• Assignment: As the answer, give exactly the lines of the records below from the one with "April Banks - Qty. 32" through the one with "The Society wishes", ends included and pictures left out.

*** Data extract

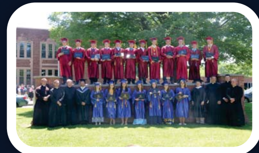
The Class of 2019 poses for a picture with priests and principals, current and former.
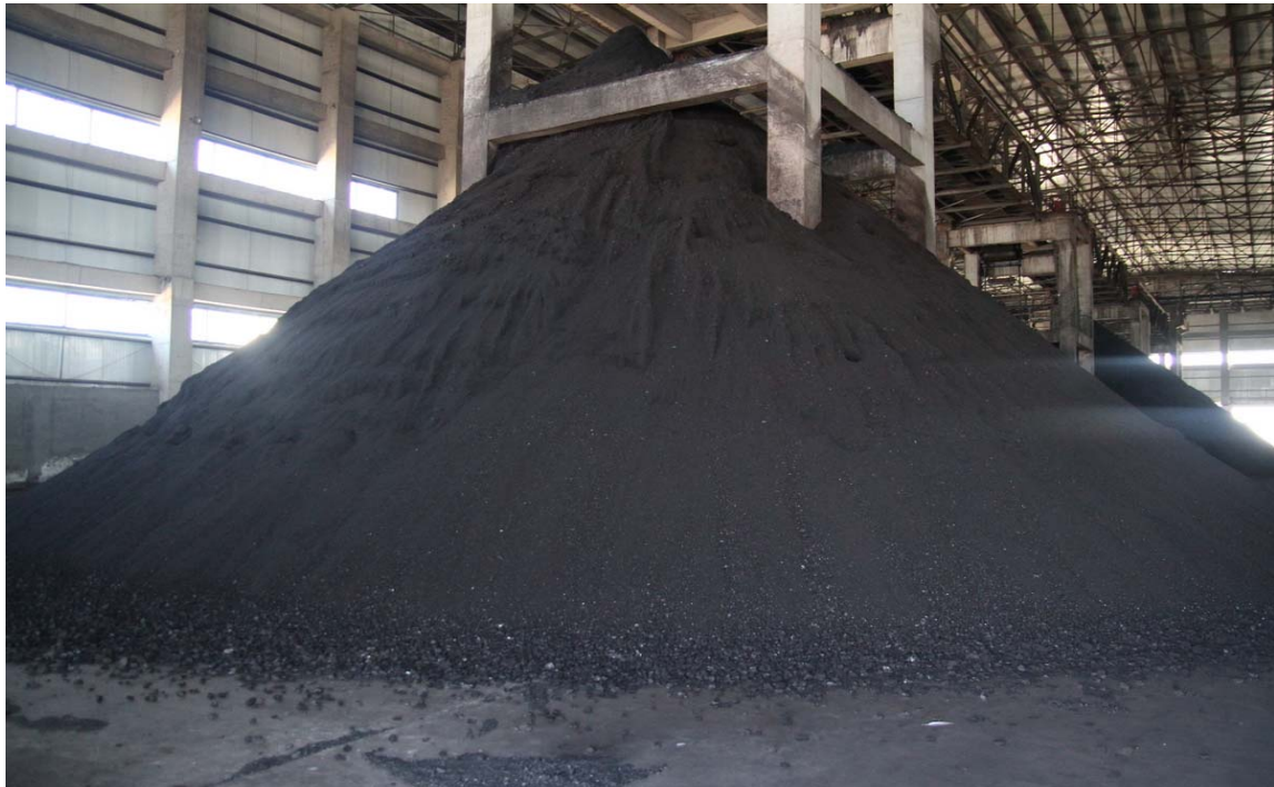
Figure 5 Lot 1 clean coal stockpile
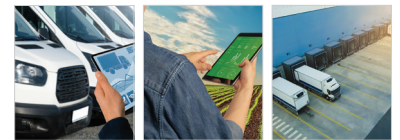
Asset & Workforce Tracking
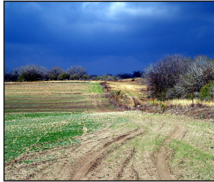
Bordovsky Ranch

On Saturday, December 7 th , 2008, about Karnes City to hunt the Bordovsky Ranch sought after “shrink wood” and palm mens and lapidary materials. The day but soon warmed up to an absolutely shirt-sleeve weather abounded with temperatures in the upper 60’s to lower 70’s, a beautiful sky, and no wind.
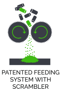
PATENTED FEEDING SYSTEM WITH SCRAMBLER
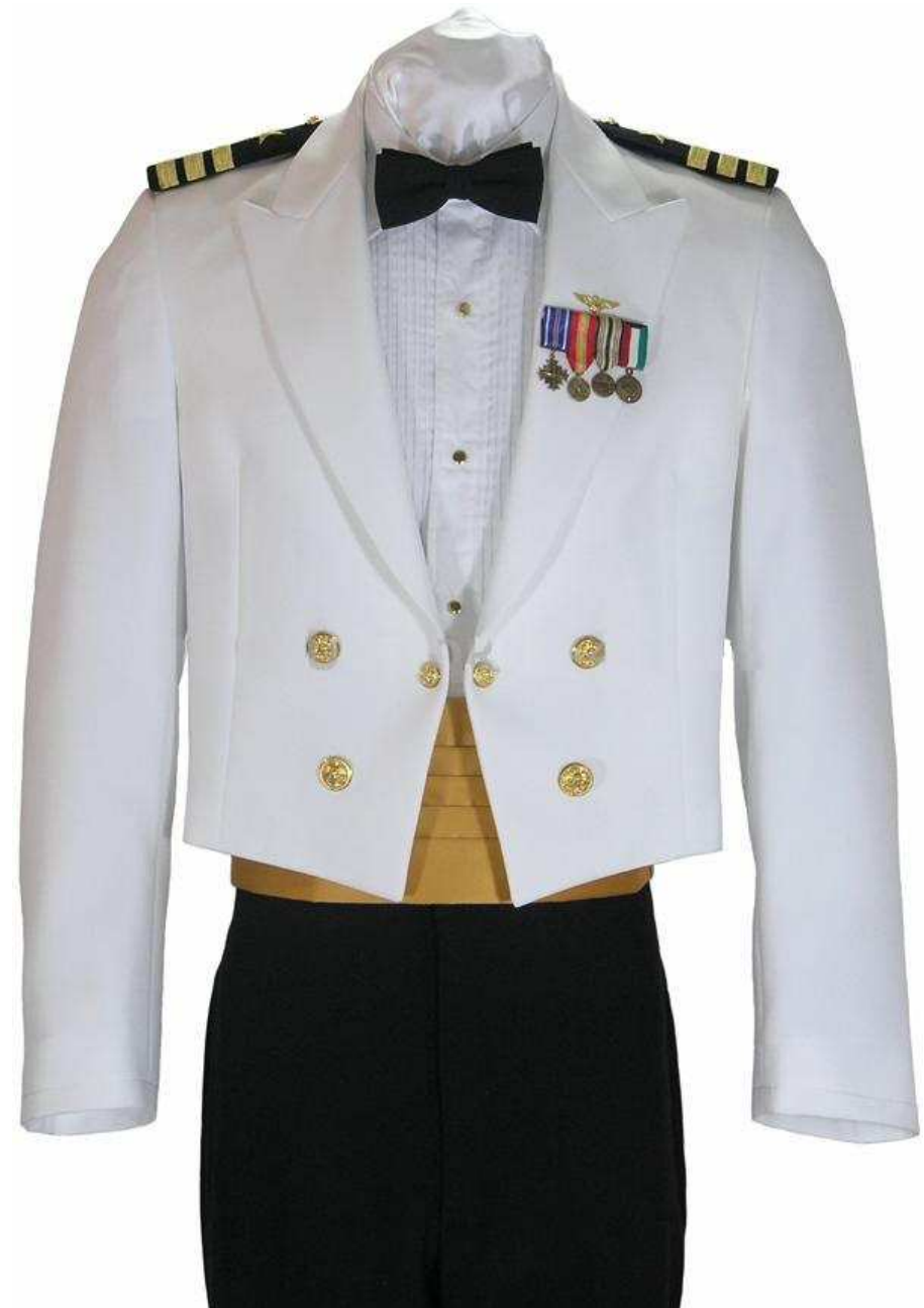
U.S. Navy Dinner Dress White Jacket
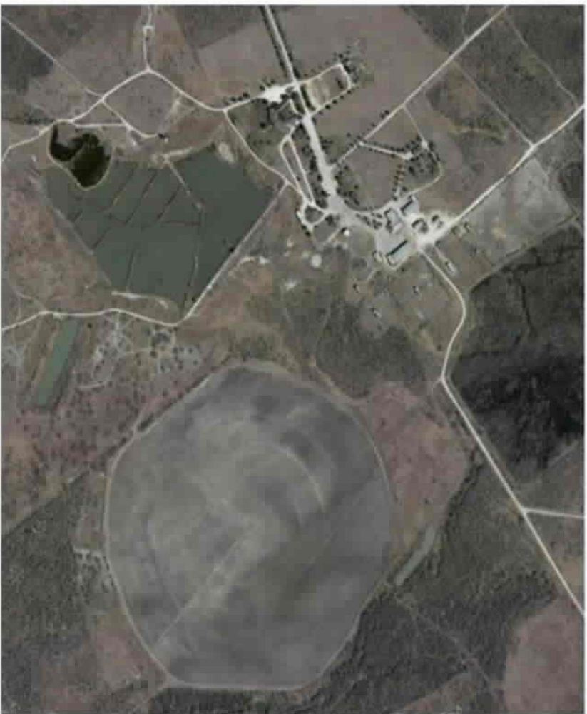
74 Ranch Resort Headquarters
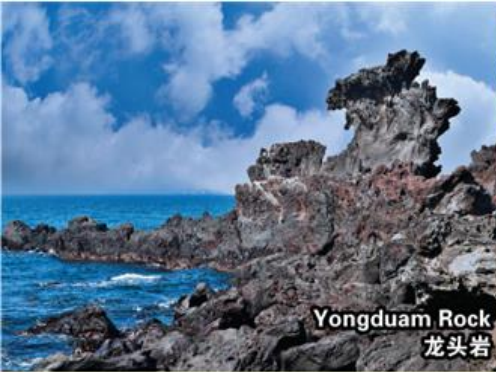
Yongduam Rock 龙头岩
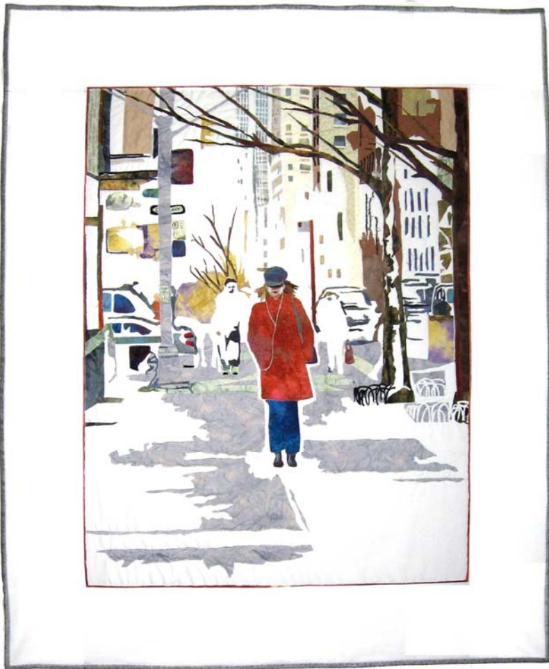
35" W x 40" L
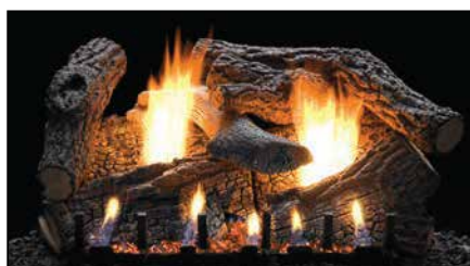
Super Sassafras Refractory Log Set
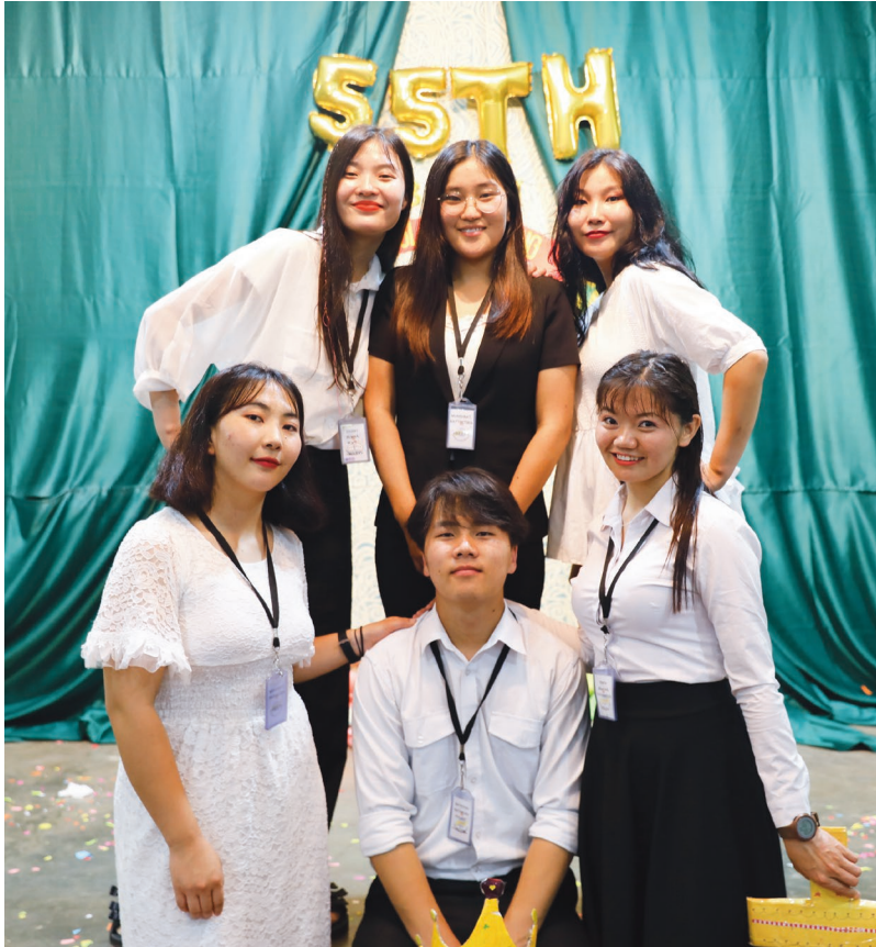
A group of the 55th batch missionaries from Mongolia
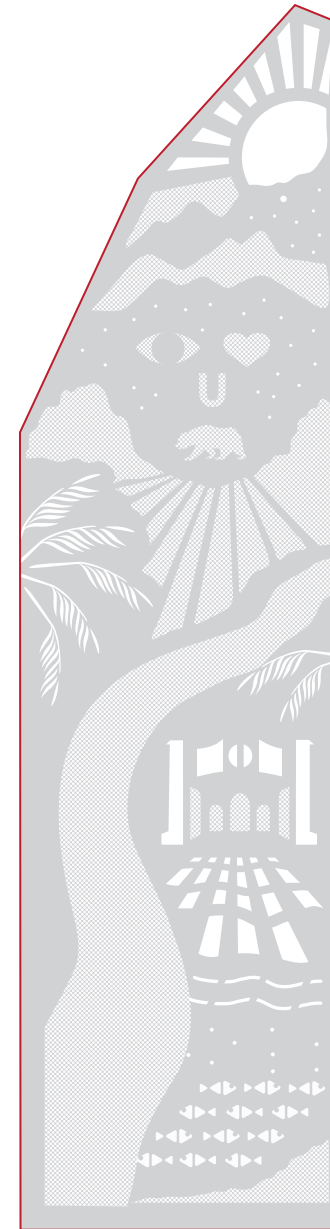
April Banks - Qty. 32
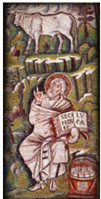
The ox is the symbol for the gospel of Luke
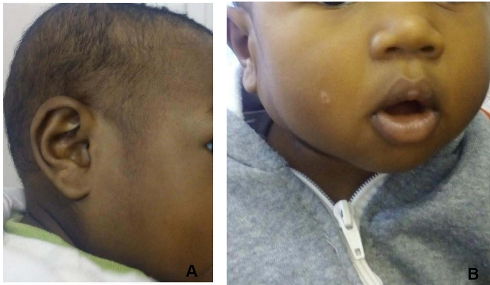
Figure 3 Marked reduction of parotid hemangioma after 10 months of oral propranolol: (A) right profile; (B) front view.

hemangiomas changed the principle in their treatment, with several reports being published since 2008. 6 In addition, propranolol is well tolerated.
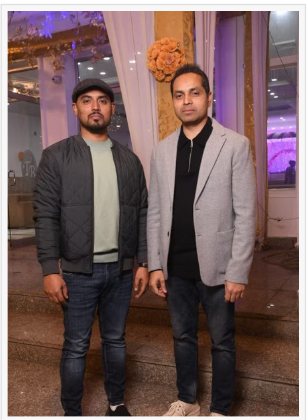
Sourcing Hands has partnered with some of the most prestigious and successful brands in the home furnishings and decor industries and it's through these relationships that the owners foster everyday.

"We are fortunate that through partnership with manufacturers, we are able to make hundreds of thousands of consumers worldwide to experience and enjoy the artistry of India and Southeast Asia. And when you give great service, you foster connections that build more than just products. You build lifelong customers that come back again and again and again,' Sourcing Hands added, 'Our knowledgeable and diligent teams work to connect manufacturers with a network of artisans and factories throughout the United States, Europe, India, South East Asia & the Asian subcontinent, and have become leaders in
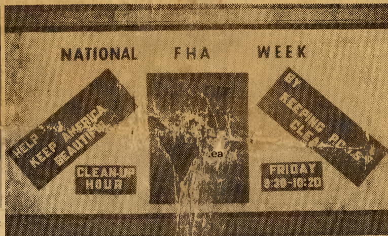
"An attractive 'Bulletin Board' display in the main hall emphasized FHA Week observance and announced the objection for sponsoring the clean-up campaign."

The Society wishes to thank those responsible for making this ceremony a nice one.
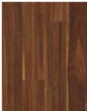
Blackwood Product Code 703
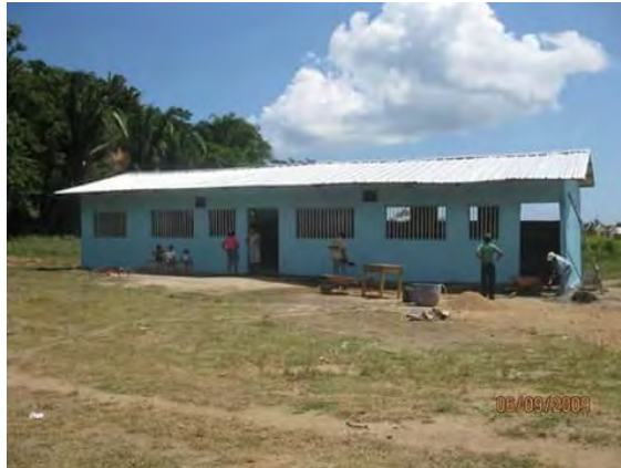
The new elementary school
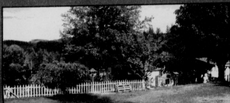
56290 McDonald Road, Vernonia...$274,000

A river runs through it! Beautiful home nestled along Rock Creek on .98 acre. 24x24 shop, 10x20 front deck & 10x16 back deck to watch deer & other wildlife at play. All appliances included. Check out this "fisherman's fantasy" in the country!
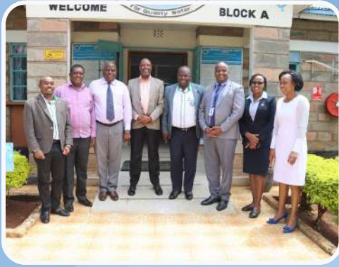
A group photo during the TWWDA courtesy visit
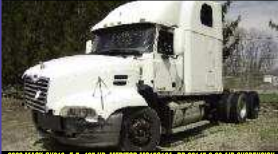
2000 MACK CX613, E-7, 427 HP, MERITOR M015G10A, RD 20145 2.93 AIR SUSPENSION
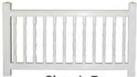
Olympia T Picket Spacing - 3 3/8"
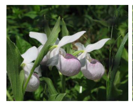
A gorgeous Cypripedium reginea

The home of the salvaged orchid seeds planted Feeding and nourishing our bodies before we under a 60% sun blocked canopy
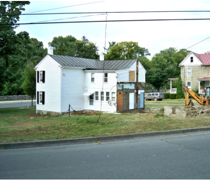
804 Amherst during the initial site work ...
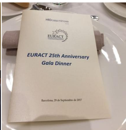
Welcome to the EURACT 25 th Anniversary Gala Dinner!
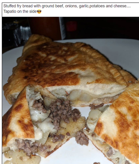
Figure 2. A Facebook Post Dated January 8, 2019, in a Group Called “Fry Bread Factory,” Described as a Page “Created for the 7th Generation and All Our Relations”

One of the prime areas of current health research in American Indian communities is diet. Story et al. (1999) state, “Obesity has become a major health problem in American Indians only in the past 1-2 generations and is believed to be associated with a relative abundance of high-fat foods and the rapid change from active to sedentary lifestyles” (Story et al., 1999, p. 747S). The study described the dietary practices that were identified as contributing to obesity. These included the consumption of butter, lard, whole milk, fry bread, fried meats and vegetables, and the generous use of fat in beans (Story et al., 1999). Not coincidentally, the foods mentioned are the same foods provided for in the 1776 army ration box and were the same foods used to feed students in American Indian boarding schools. The diet of the American Indian boarding school was so ingrained because of acculturation that students returning home took those taste preferences and dietary practices into their community, leaving taste preferences and dietary practices that have lasted for generations.

******

• Response for this exercise:
April Banks - Qty. 32
The ox is the symbol for the gospel of Luke
Figure 3 Marked reduction of parotid hemangioma after 10 months of oral propranolol: (A) right profile; (B) front view.

hemangiomas changed the principle in their treatment, with several reports being published since 2008. 6 In addition, propranolol is well tolerated.
Sourcing Hands has partnered with some of the most prestigious and successful brands in the home furnishings and decor industries and it's through these relationships that the owners foster everyday.

"We are fortunate that through partnership with manufacturers, we are able to make hundreds of thousands of consumers worldwide to experience and enjoy the artistry of India and Southeast Asia. And when you give great service, you foster connections that build more than just products. You build lifelong customers that come back again and again and again,' Sourcing Hands added, 'Our knowledgeable and diligent teams work to connect manufacturers with a network of artisans and factories throughout the United States, Europe, India, South East Asia & the Asian subcontinent, and have become leaders in
"An attractive 'Bulletin Board' display in the main hall emphasized FHA Week observance and announced the objection for sponsoring the clean-up campaign."

The Society wishes to thank those responsible for making this ceremony a nice one.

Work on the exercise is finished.